La violence contre les femmes, une pandémie mondiale ? Comme la grippe H1N1 ? Comme dans le film « Contagion » ? Pas du tout. Pensez à votre réponse instinctive à l’idée d’une catastrophe biologique qui terroriserait le monde entier – voilà ce que devrait être votre réaction au niveau normalisé de violence contre les femmes dans le monde. Parce que, pour dire les choses clairement : les femmes ne sont pas un groupe d’intérêts particulier et la lutte pour la capacité de vivre sans violence n’est pas un simple projet personnel.



Vous pensez que j’exagère, n’est-ce pas ? Jusqu’à ce que je prenne conscience de la campagne 16 jours d’activisme contre la violence faite aux femmes (1), qui a débuté le 25 novembre, j’aurais pu le croire aussi. C’est parce que nous, en tant que culture, embrassons la glamourisation de la misogynie au lieu de considérer ses effets néfastes et d’essayer de changer ses normes. Pour ce qui est de notre conscience collective du problème, nous préférons passer notre tour : le « sexy » est tellement plus amusant que la tristesse.



Un exemple : suis-je la seule à trouver intéressant que cette campagne des 16 jours s’inscrive entre les lancements de deux films particuliers : « Breaking Dawn », un film axé sur la violence masculine / féminine, l’amour, la douleur, le sexe et la mort, et « Girl with the Dragon Tattoo » ?

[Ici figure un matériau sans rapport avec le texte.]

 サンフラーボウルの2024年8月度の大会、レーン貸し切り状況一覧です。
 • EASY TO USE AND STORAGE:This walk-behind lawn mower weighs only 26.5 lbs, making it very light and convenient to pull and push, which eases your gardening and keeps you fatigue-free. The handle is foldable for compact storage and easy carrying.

« Girl with the Dragon Tattoo » n’est pas le nom original de la série : le titre original, « Men Who Hate Women », a été changé pour le marché de langue anglaise (2). La trilogie mondialement connue de romans de Steig Larsson, truffée de scènes explicites de violence de genre sadique, est un fantasme de revanche féminine contre des hommes coupables de viol, de traite des femmes et d’assassinats. L’histoire, dont la protagoniste repousse les hommes, n’a pas été initialement conçue pour glorifier la violence contre les femmes – d’où son titre original, qui était simple et honnête.

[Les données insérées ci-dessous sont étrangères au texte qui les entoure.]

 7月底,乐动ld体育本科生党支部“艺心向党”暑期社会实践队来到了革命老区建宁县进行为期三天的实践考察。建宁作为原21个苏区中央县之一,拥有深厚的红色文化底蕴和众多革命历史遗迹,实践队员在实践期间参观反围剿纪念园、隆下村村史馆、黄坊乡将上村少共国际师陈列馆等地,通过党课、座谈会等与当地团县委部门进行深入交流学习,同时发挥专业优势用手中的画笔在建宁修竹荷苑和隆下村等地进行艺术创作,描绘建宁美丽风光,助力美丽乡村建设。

Cependant, cette intention a été subvertie par le changement de titre et par au moins la première commercialisation de la version américaine du film, que Melissa Silverstein, fondatrice du site Web « Women and Hollywood », décrivait cet été comme une « pornification de Lisbeth Salander » (3) : la première affiche diffusée du film présentait Rooney Mara nue, un mamelon percé, l’héroïne violente et distinctement non stéréotypée femme étant embrassée de façon protectrice par un Daniel Craig renfrogné (que j’adore, en fait, pour son travestisme dans la campagne « We Are Equal »(4).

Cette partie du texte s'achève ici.